**Task requirements:** All pictures are to be omitted while the lines starting at the line with "De Erzi water- en" and ending at the line with "HT sent eight" in the material below are retyped exactly, both ends included.

**Extracted material:**
========================
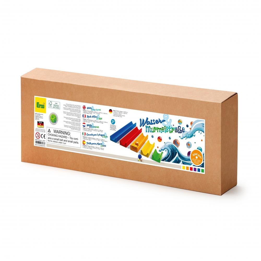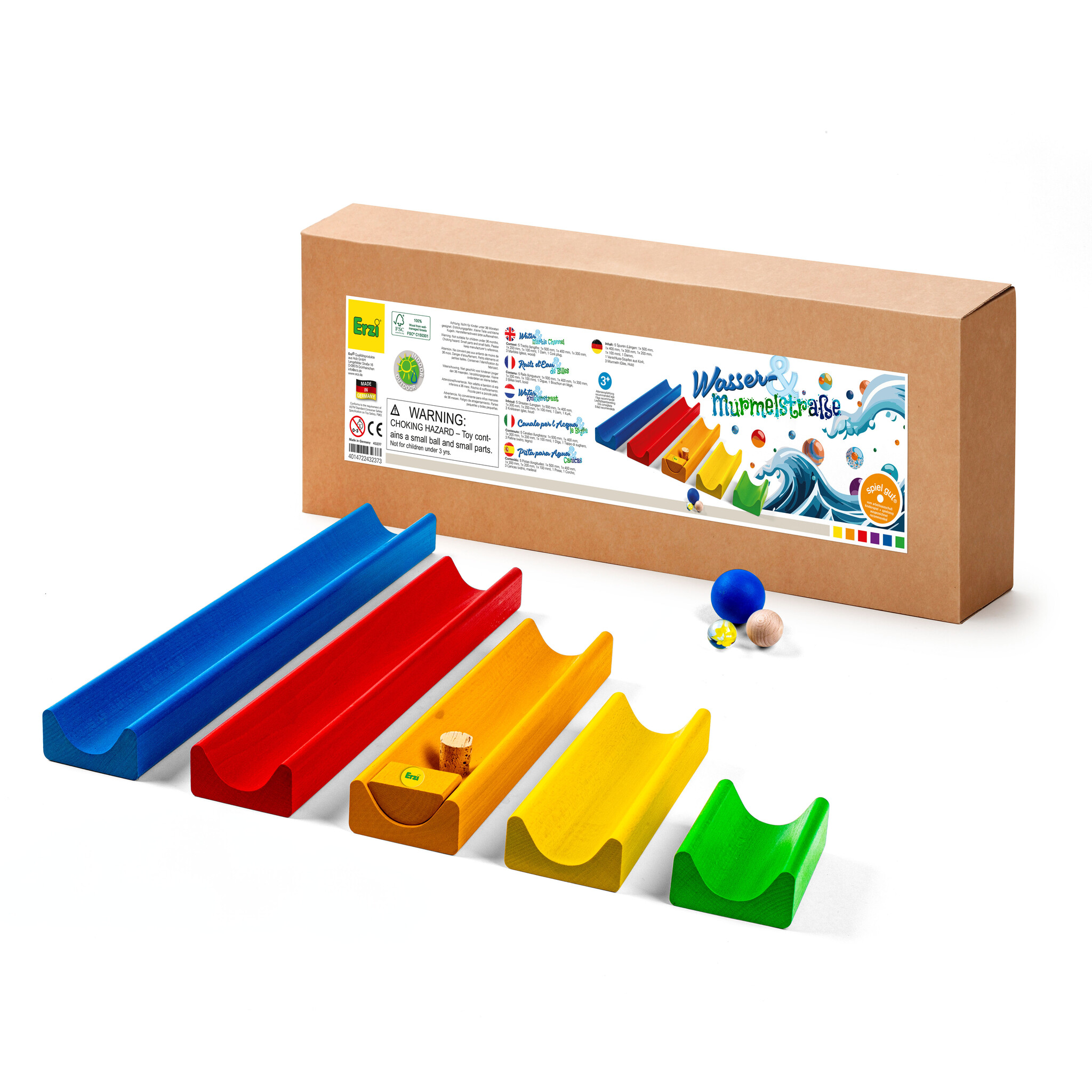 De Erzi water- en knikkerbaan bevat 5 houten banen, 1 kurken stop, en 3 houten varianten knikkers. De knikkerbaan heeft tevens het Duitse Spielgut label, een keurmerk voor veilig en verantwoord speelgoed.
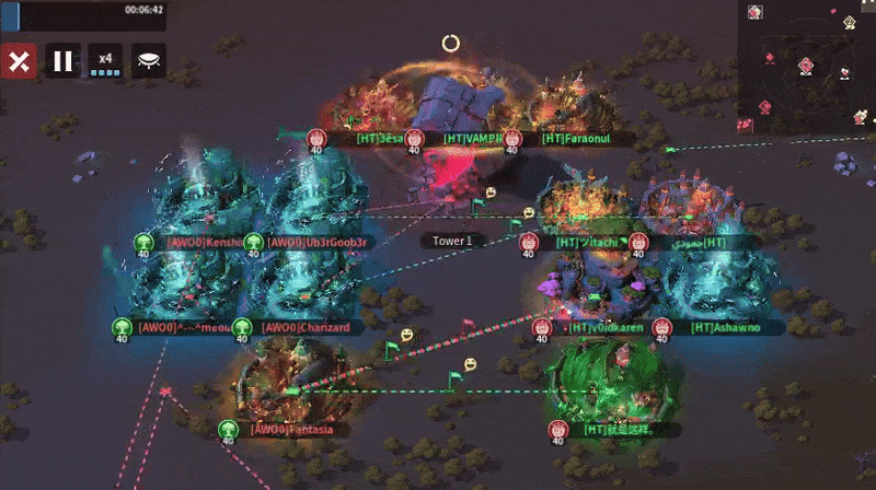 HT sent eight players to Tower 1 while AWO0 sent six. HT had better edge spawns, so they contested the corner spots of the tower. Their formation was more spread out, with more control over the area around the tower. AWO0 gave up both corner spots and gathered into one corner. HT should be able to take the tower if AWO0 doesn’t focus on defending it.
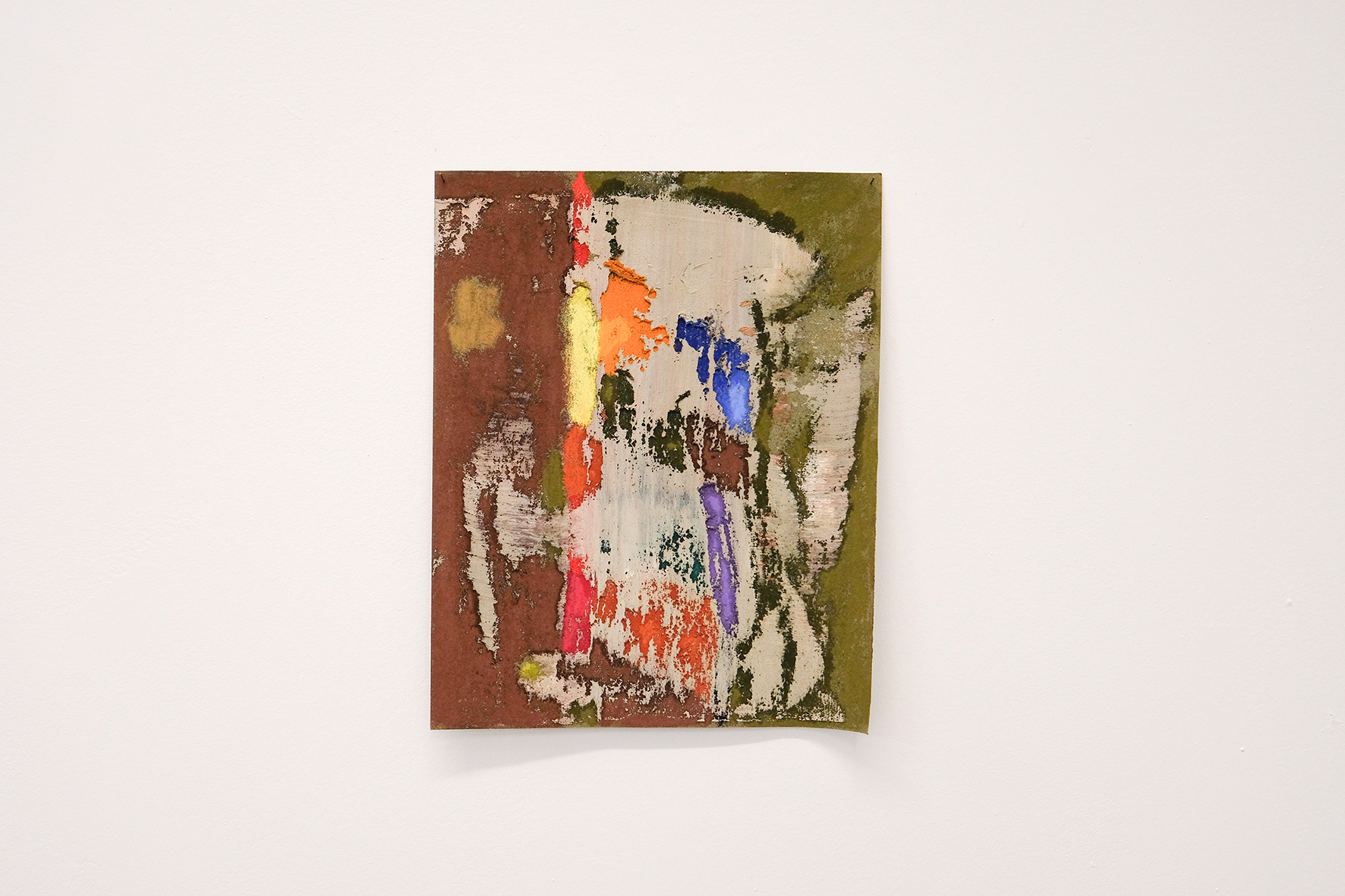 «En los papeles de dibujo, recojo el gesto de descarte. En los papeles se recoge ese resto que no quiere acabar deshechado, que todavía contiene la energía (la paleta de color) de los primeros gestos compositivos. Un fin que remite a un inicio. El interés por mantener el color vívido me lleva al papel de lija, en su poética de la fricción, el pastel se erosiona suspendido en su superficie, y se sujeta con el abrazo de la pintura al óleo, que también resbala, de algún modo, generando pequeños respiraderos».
========================
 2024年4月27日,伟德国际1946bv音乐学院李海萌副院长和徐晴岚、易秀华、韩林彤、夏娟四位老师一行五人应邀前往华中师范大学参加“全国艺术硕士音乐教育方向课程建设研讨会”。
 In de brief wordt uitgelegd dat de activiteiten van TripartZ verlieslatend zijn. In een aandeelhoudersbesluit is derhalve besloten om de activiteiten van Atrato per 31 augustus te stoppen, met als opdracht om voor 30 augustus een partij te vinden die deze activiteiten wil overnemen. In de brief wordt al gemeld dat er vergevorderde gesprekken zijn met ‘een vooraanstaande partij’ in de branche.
========================
**Result of the exercise:**
 De Erzi water- en knikkerbaan bevat 5 houten banen, 1 kurken stop, en 3 houten varianten knikkers. De knikkerbaan heeft tevens het Duitse Spielgut label, een keurmerk voor veilig en verantwoord speelgoed.
 HT sent eight players to Tower 1 while AWO0 sent six. HT had better edge spawns, so they contested the corner spots of the tower. Their formation was more spread out, with more control over the area around the tower. AWO0 gave up both corner spots and gathered into one corner. HT should be able to take the tower if AWO0 doesn’t focus on defending it.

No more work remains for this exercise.